*** Source material Section Begins ***

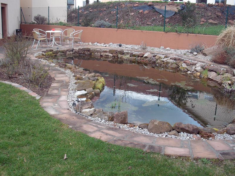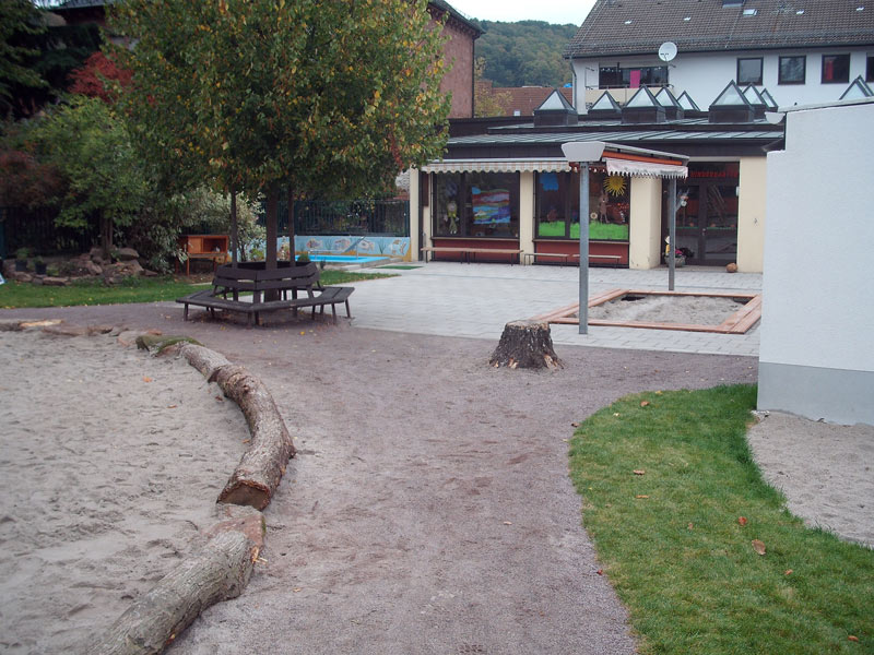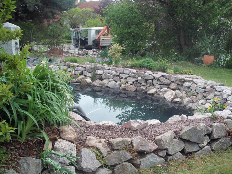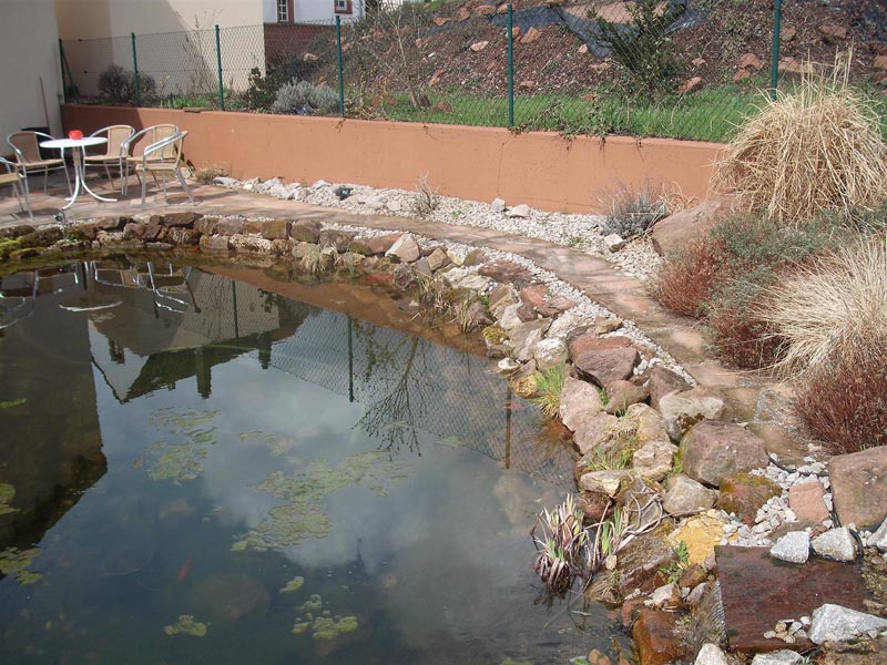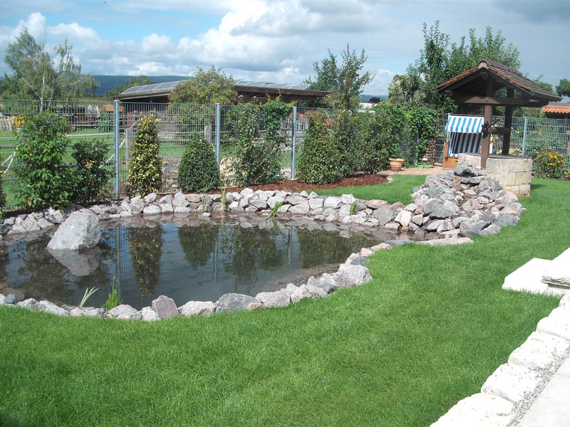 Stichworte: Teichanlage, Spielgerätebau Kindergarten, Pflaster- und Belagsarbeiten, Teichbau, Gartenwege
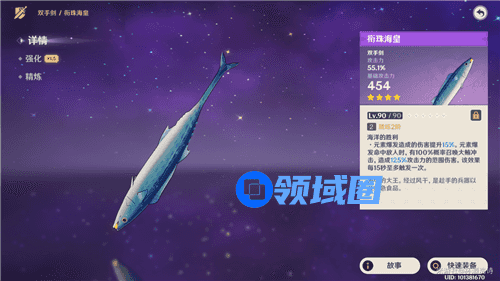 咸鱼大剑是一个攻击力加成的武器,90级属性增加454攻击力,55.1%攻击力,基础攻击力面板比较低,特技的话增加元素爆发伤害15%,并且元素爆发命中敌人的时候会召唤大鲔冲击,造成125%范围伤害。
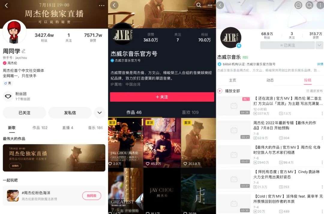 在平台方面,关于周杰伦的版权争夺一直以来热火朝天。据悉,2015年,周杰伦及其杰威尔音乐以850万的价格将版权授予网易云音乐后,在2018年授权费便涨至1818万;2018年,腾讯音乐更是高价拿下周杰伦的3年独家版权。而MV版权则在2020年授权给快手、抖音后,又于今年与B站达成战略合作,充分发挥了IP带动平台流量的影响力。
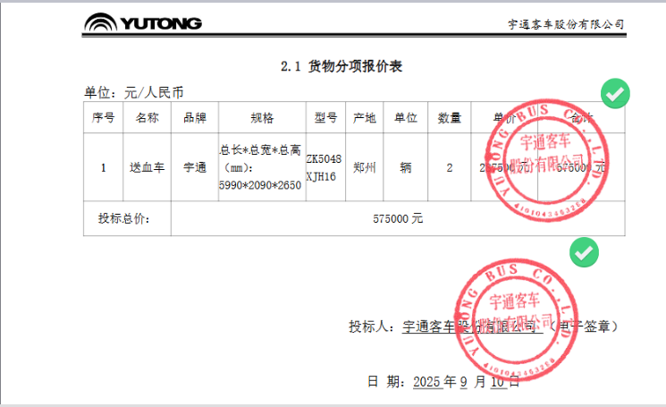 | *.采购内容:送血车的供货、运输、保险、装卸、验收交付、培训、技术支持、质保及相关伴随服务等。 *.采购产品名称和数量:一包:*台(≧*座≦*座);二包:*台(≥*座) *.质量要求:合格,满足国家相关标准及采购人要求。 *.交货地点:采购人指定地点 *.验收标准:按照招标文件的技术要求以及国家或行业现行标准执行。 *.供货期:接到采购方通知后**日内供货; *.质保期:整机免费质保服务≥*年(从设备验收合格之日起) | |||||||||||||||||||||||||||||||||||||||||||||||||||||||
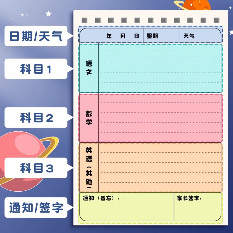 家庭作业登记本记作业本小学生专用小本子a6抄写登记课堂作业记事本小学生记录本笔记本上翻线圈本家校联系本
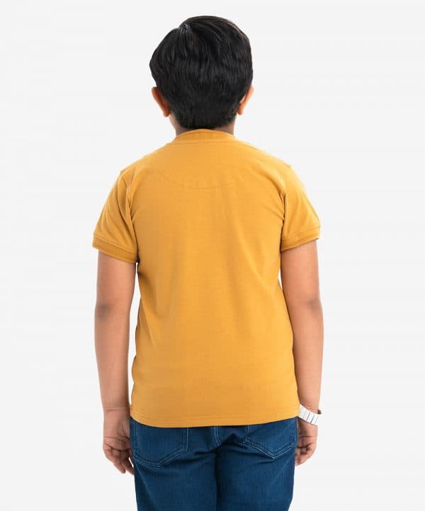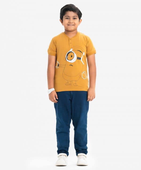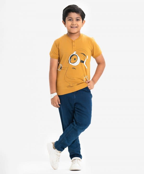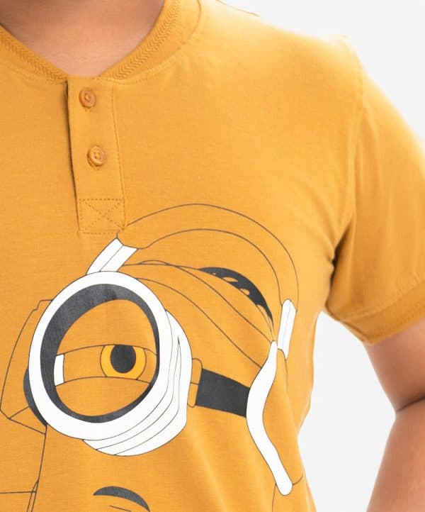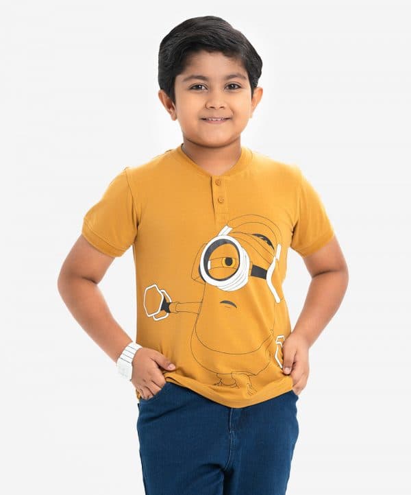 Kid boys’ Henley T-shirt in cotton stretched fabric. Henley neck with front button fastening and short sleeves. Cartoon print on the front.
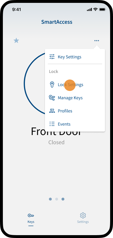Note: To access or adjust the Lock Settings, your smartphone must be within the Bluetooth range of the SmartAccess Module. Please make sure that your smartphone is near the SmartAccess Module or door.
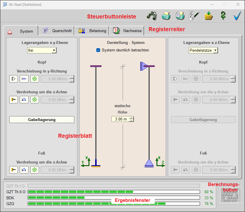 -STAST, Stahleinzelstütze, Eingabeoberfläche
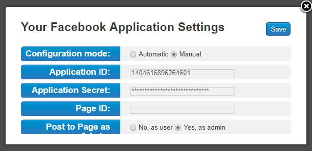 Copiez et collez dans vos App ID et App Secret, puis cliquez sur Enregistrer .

*** Source material Section Ends ***

Exercise prompt
Nothing but the lines from the one that contains "Note: To access" through the last line of the records belongs in the answer, reproduced exactly, with no pictures.

Response to this task
Note: To access or adjust the Lock Settings, your smartphone must be within the Bluetooth range of the SmartAccess Module. Please make sure that your smartphone is near the SmartAccess Module or door.
 -STAST, Stahleinzelstütze, Eingabeoberfläche
 Copiez et collez dans vos App ID et App Secret, puis cliquez sur Enregistrer .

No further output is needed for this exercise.